Falls City secures loan for facility

The Falls City School district secured a loan for the first phase of a new gym and classroom facility at the elementary school. Now, students use a covered play shed for PE.

Photo by Jolene Guzman
The Falls City School district secured a loan for the first phase of a new gym and classroom facility at the elementary school. Now, students use a covered play shed for PE.



FALLS CITY — The Falls City School District secured a loan to begin the first phase of building a new gym and classroom facility at Falls City Elementary School.

A $700,000 loan from Government Capital Corporation (GCC) will finance the first phase, which will build “a shell” to provide elementary students an indoor facility for physical education and recess. Later phases will provide space for games, locker rooms and more classrooms.

“The board has been talking about this for two years,” said Superintendent Art Houghtaling. “We’re excited. The loan really allows it to happen.”

Now, the district can hire an architect to get the project underway. Before building can begin, the district needs to complete soil tests, complete design and take construction bids. The goal to have a “shell” — an enclosed and heated building — complete by fall of this year. Construction of the first phase will be planned with plumbing and other needs for future expansion in mind.

GCC is a Texas-based firm specializing in helping public entities (cities, counties and schools) secure financing. The firm has assisted several school districts get loans for building improvements, updated technology, buying land and buses.

Falls City has about 210 students enrolled, an increase from 155 tallied in the Oregon Department of Education’s 2013-14 enrollment report. The loan provides funding to complete other smaller projects, such as expanding its cafeteria and adding a classroom at the elementary school.

Houghtaling said the district has a goal to provide a teacher for every grade level K-8, and enrollment increases are pushing the district to do it faster than anticipated.

“We are literally busting at the seams,” Houghtaling said.

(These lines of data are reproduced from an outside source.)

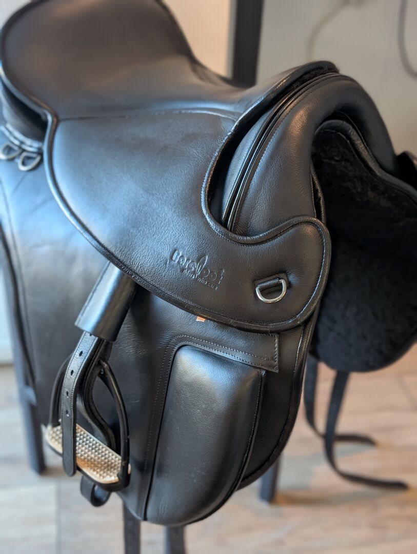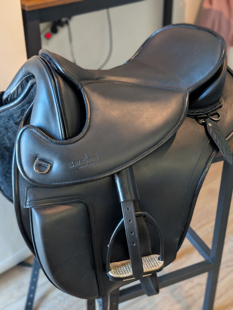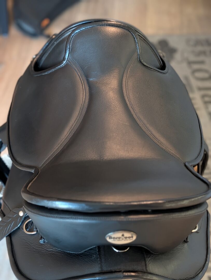 Barefoot Cherokee Classic 1 Nowy stan VPS Air-System - Oferuję moje nowe siodło Barefoot Cherokee Classik z AirSystem + VPS w rozmiarze 1. Jest w absolutnie nowym stanie z akcesoriami, takimi jak strzemiona i strzemiona oryginalne Barefoot w tym Zwiesel MI biały. Siedzisko nie jest jeszcze zużyte, więc siedzi się w nim jak w nowym siodle. Głębokość siedziska nadal dostosowuje się do Ciebie! idealne do jazdy crossowej lub trailowej, a także do skoków w hali i mniejszych skoków lub ujeżdżenia wygodne siedzisko zapewniające poczucie bliskości konia wytrzymała skóra bydlęca o otwartych porach, odporna na zabrudzenia wyściełane nakolanniki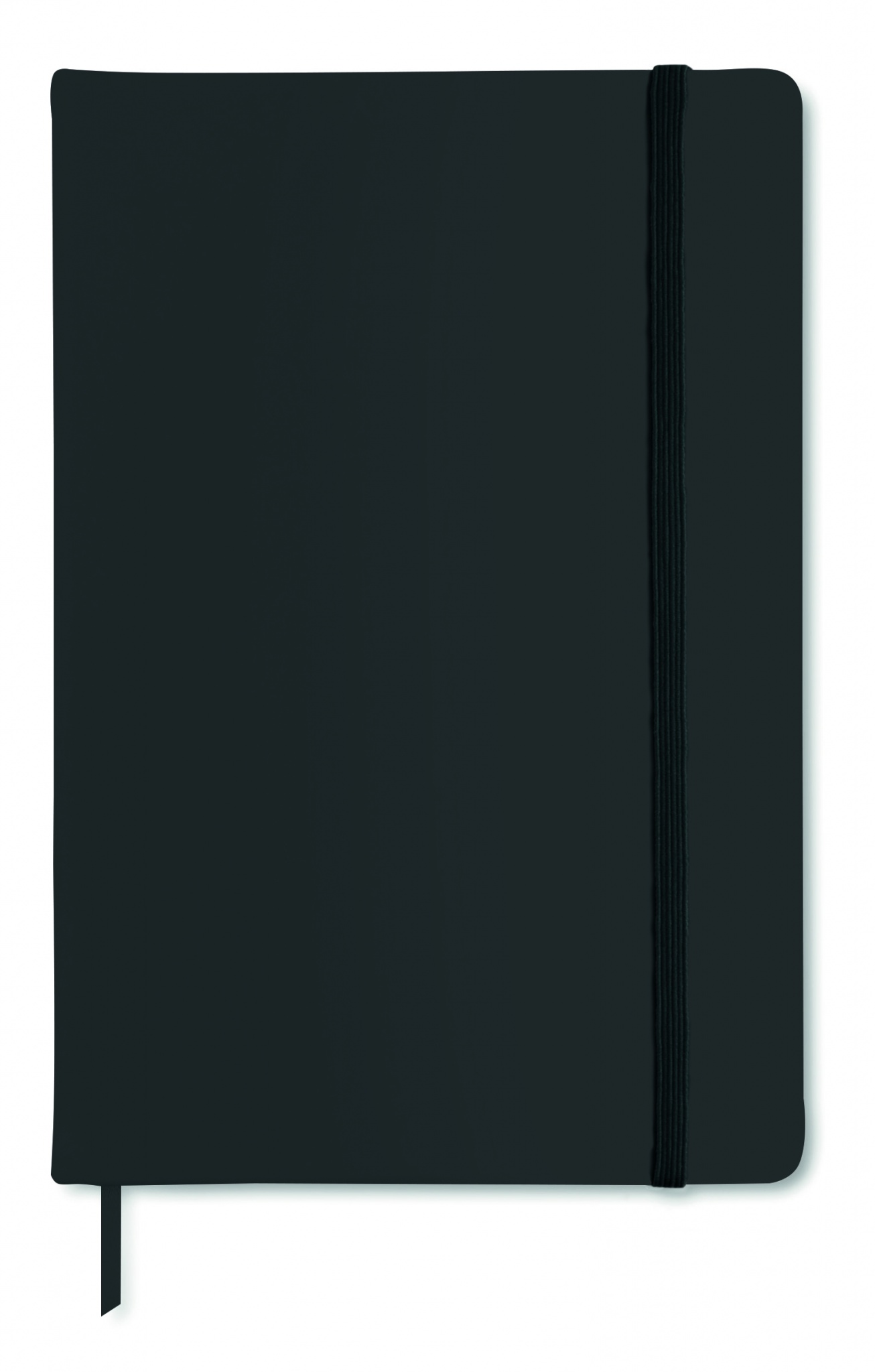 A6 notebook with hard PU cover. Casebound. 192 lined pages (96 sheets). Matching elastic closure strap and ribbon page-marker.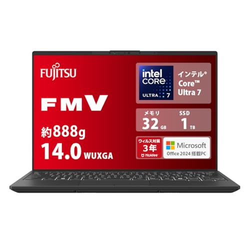富士通 FMV LIFEBOOK WU4/J3は、14.0型ディスプレイ、Core Ultra 7、32GB RAM、1TB SSDを搭載し、Win 11 ProとMS Office 2024に対応。顔認証機能も備える日本製ノートパソコンです。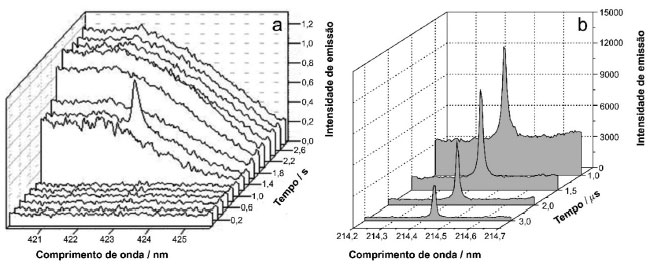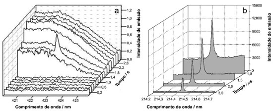 Figura 3. Separaçao temporal do sinal analítico e intenso BG em WCAES (a) e LIBS (b). Medidas referem-se à determinaçao de cálcio (a) e cádmio (b). As intensidades de emissao foram medidas em unidades arbitrárias e as escalas de tempo estao em sentidos opostos para maior clareza. A Figura 3a é reproduzida da referência 26, com permissao da Editora. A Figura 3b refere-se a resultados nao publicados, obtidos em condiçoes similares às descritas na referência 28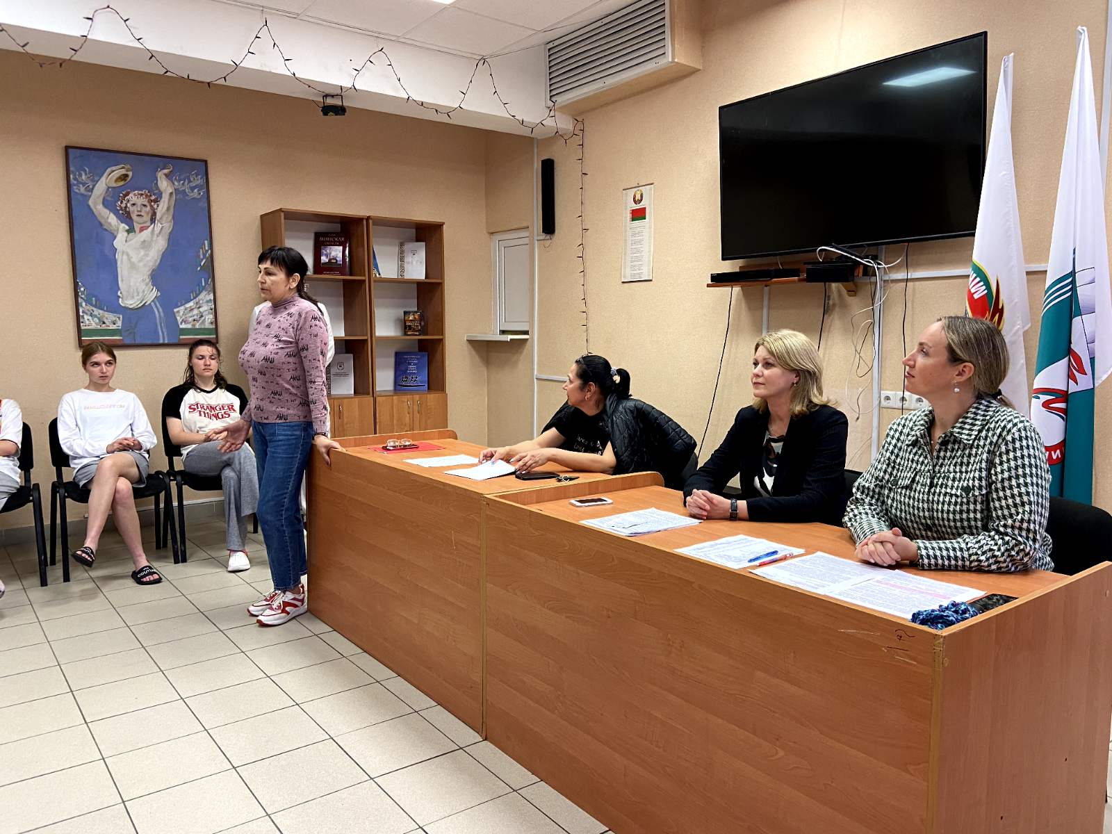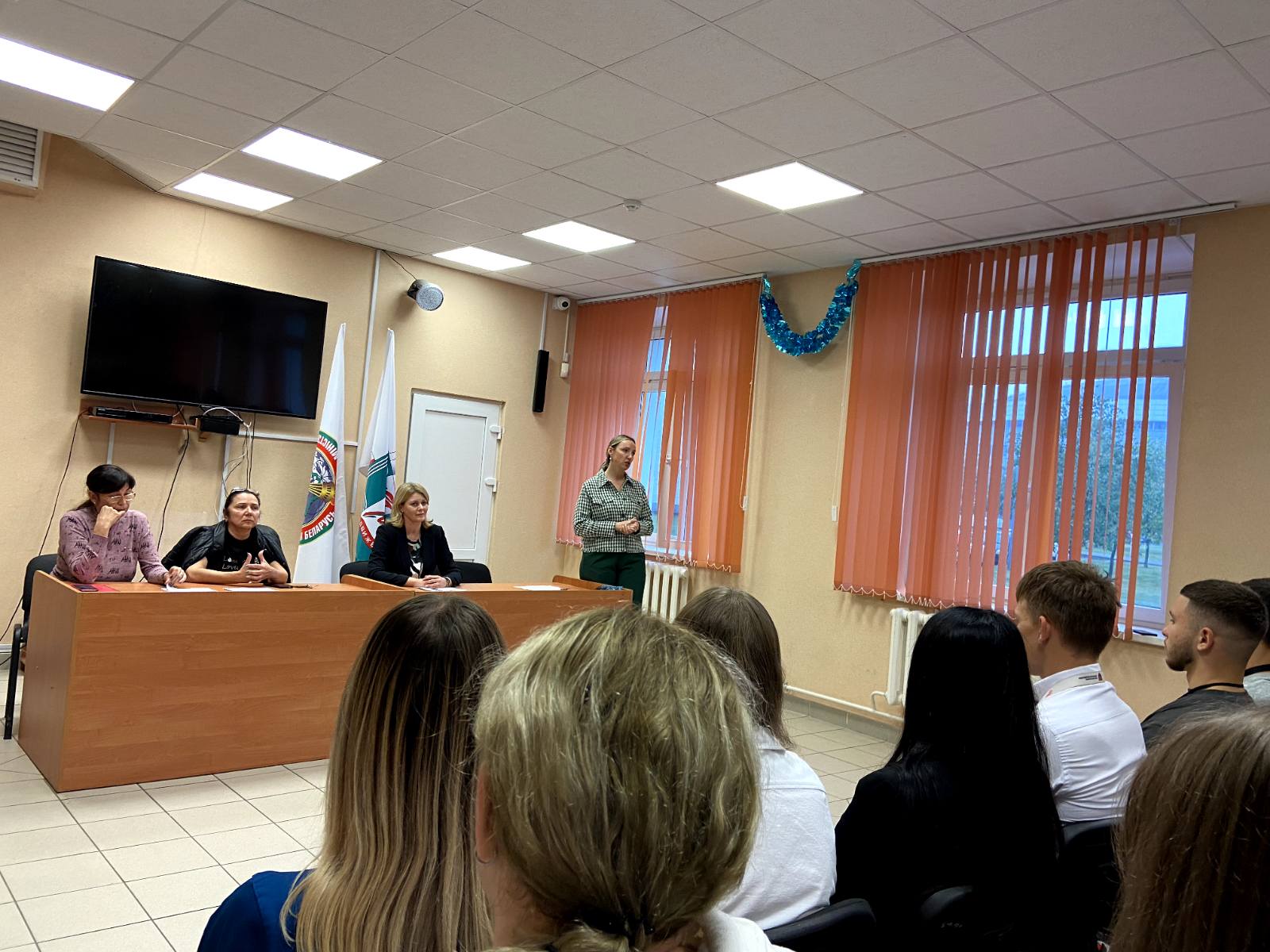 В продолжении обсуждения вопроса правовой культуры Ольга Владимировна Шарейко ознакомила студентов с требованиями внутренних руководящих документов университета. Педагог-организатор Егор Андреевич Радкевич рассказал о работе территориальной добровольной дружины и о традиционно организуемых в общежитии университета досуговых мероприятиях.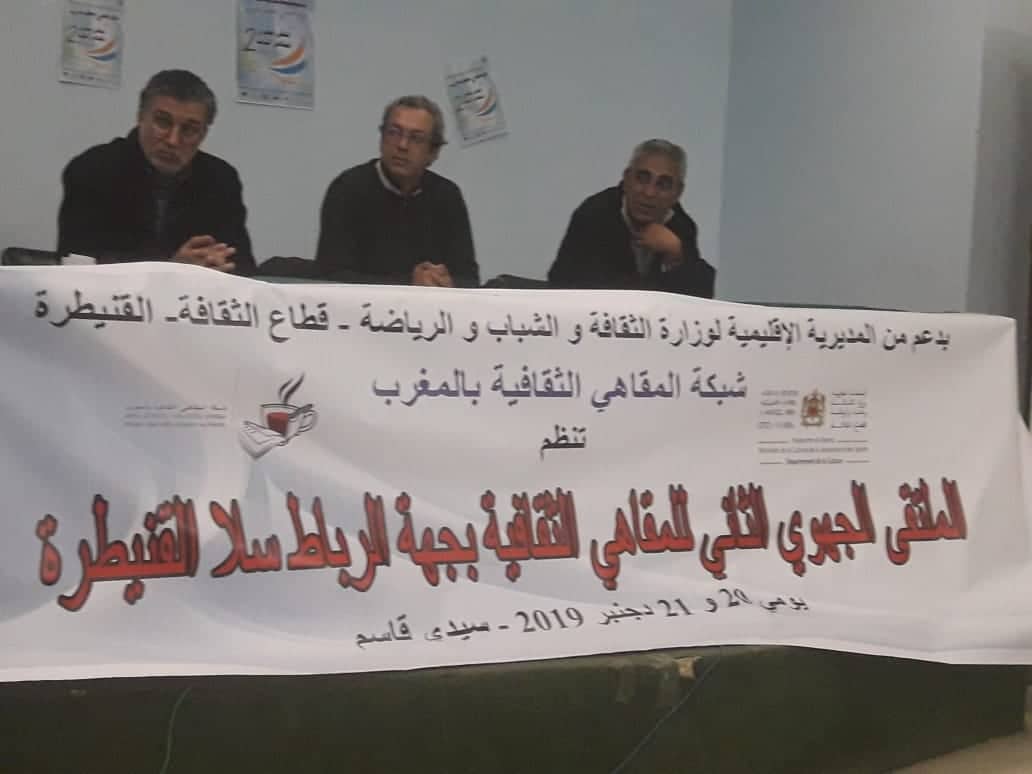 نظمت شبكة المقاهي الثقافية بالمغرب يومي 20 و21 دجنبر 2019 بدعم من المديرية الإقليمية للثقافة بالقنيطرة ، الملتقى الجهوي الثاني للمقاهي الثقافية بجهة الرباط سلا القنيطرة بحضور ممثلي المقاهي النشيطة بالجهة .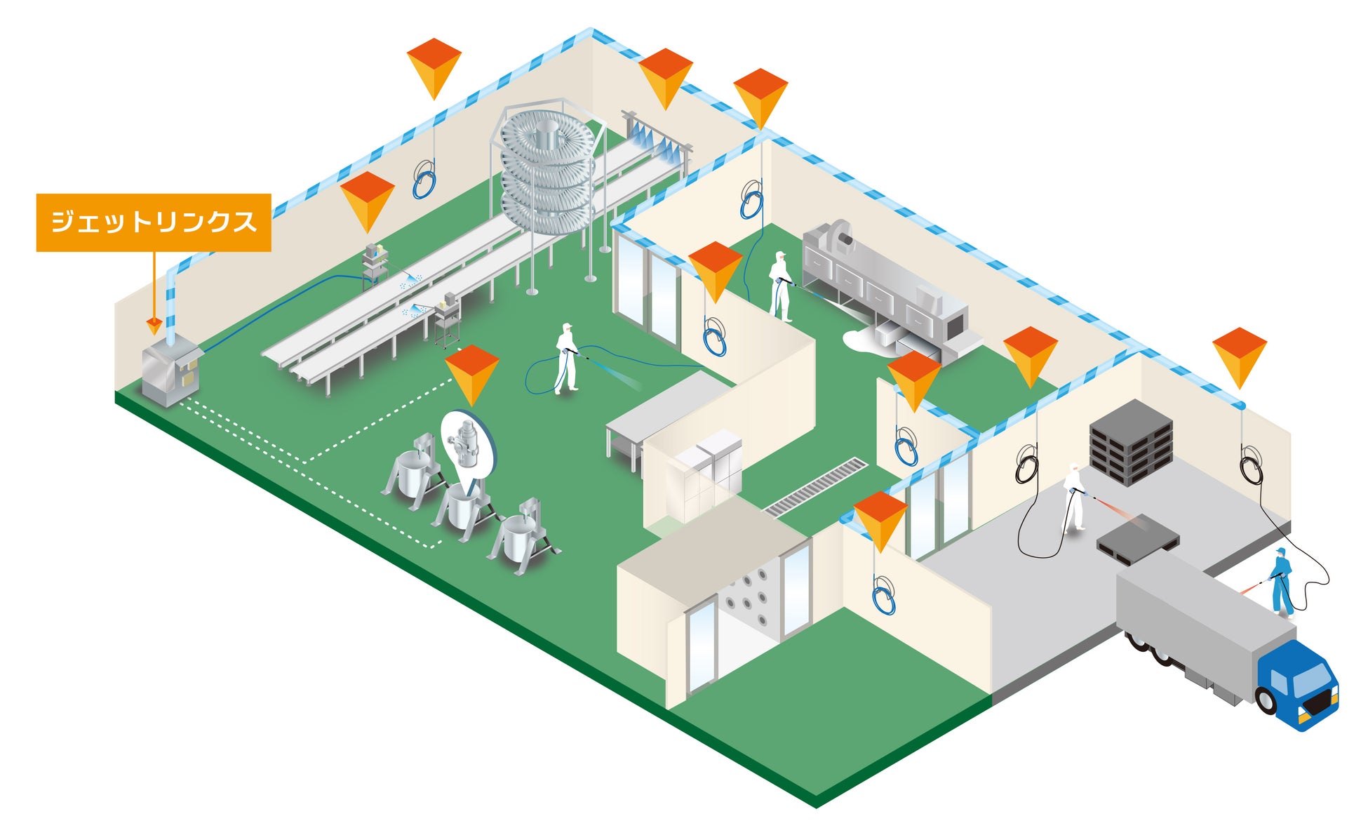 工場の規模や洗浄する場所の数により、オーダーメイドも可能です。お客様に最適な仕様をご提案をいたします。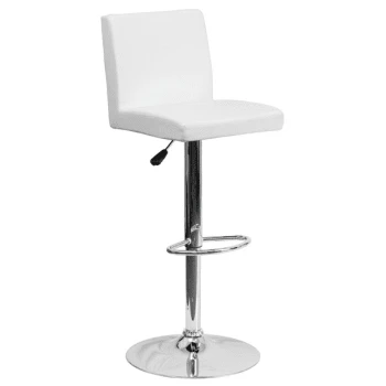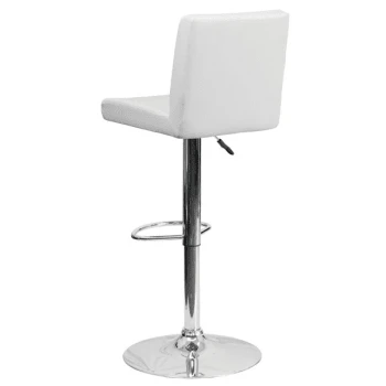 - Contemporary White Adjustable Barstool Chrome Base Straight Mid Back Design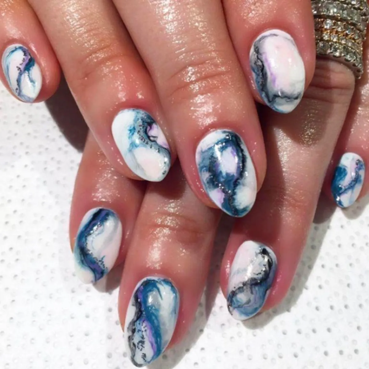الرخام : امزجي الألوان التالية على أظافركِ للحصول على نقشة الرخام الأبيض، مع الأسود، والأرجواني .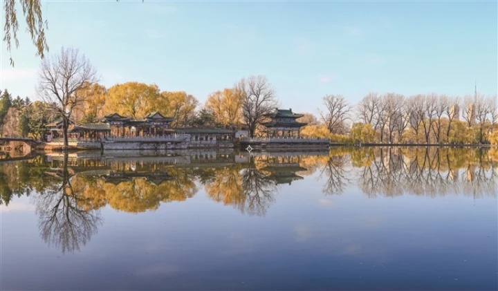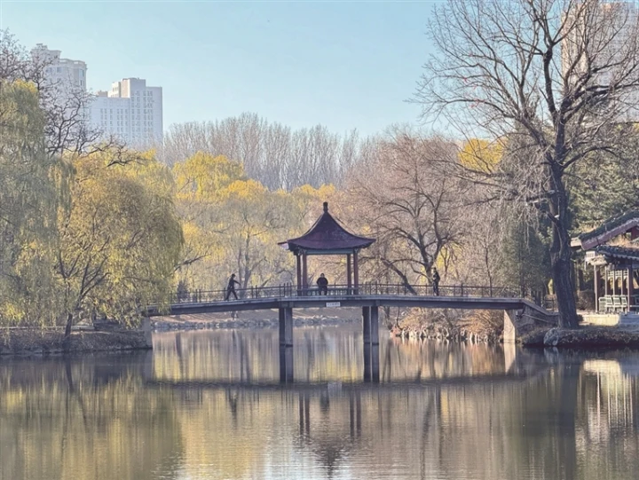 初冬,白天的阳光依旧温暖,蓝天白云下,公园里、小河边,美丽的景致仿若画卷。树木色彩斑斓,湖水静谧深沉,光影斑驳间,处处透着宁静与美好。(来源:鞍山日报)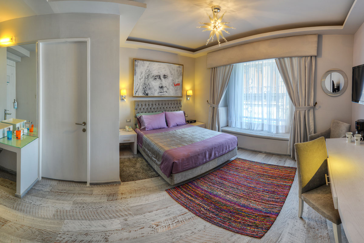 Hotel Andante comisionó a 31 artistas contemporáneos poblanos para que reinterpretaran a cada uno de los genios musicales a quienes se les rinde homenaje en cada una de las 19 suites, el resultado es un maridaje de música, formas y color sin igual. Esta es la habitación dedicada a Franz Liszt, intervenida por el artista plástic0 Francisco Álvarez Bauza.

The district twice asked voters to pass a bond to build a new gym, but both votes, one in May 2016 and the second the following November, failed by slim margins.

Without resources to build a new gym, elementary students have with the school playground and covered play area for recess and PE, or riding buses down to the high school gym for PE classes. During rainy days, the covered play area can have up to 60 or 70 students under it at once, not leaving much room for play.

“Now we will have an enclosed area for the kids when it’s 38 degrees and raining,” he said.

Houghtaling added the gym at the high school is the only place middle school and high school teams can hold practices and games at this point. Adding basketball hoops and locker rooms in the future will alleviate scheduling conflicts and prevent late practices.

However, the second and third phases of the gym project will require additional funding through grants or a bond.

Falls City Business Manager Debbie Pavon said once the first phase is complete, the board will explore its next steps.

“The most important aspect of any project like this is funding,” she said. “We’re hoping the community will see the need and will reconsider, and approve, a bond. You don’t come across a district of this size, growing at the rate it is, with the remarkable students we have, and not do anything about it.”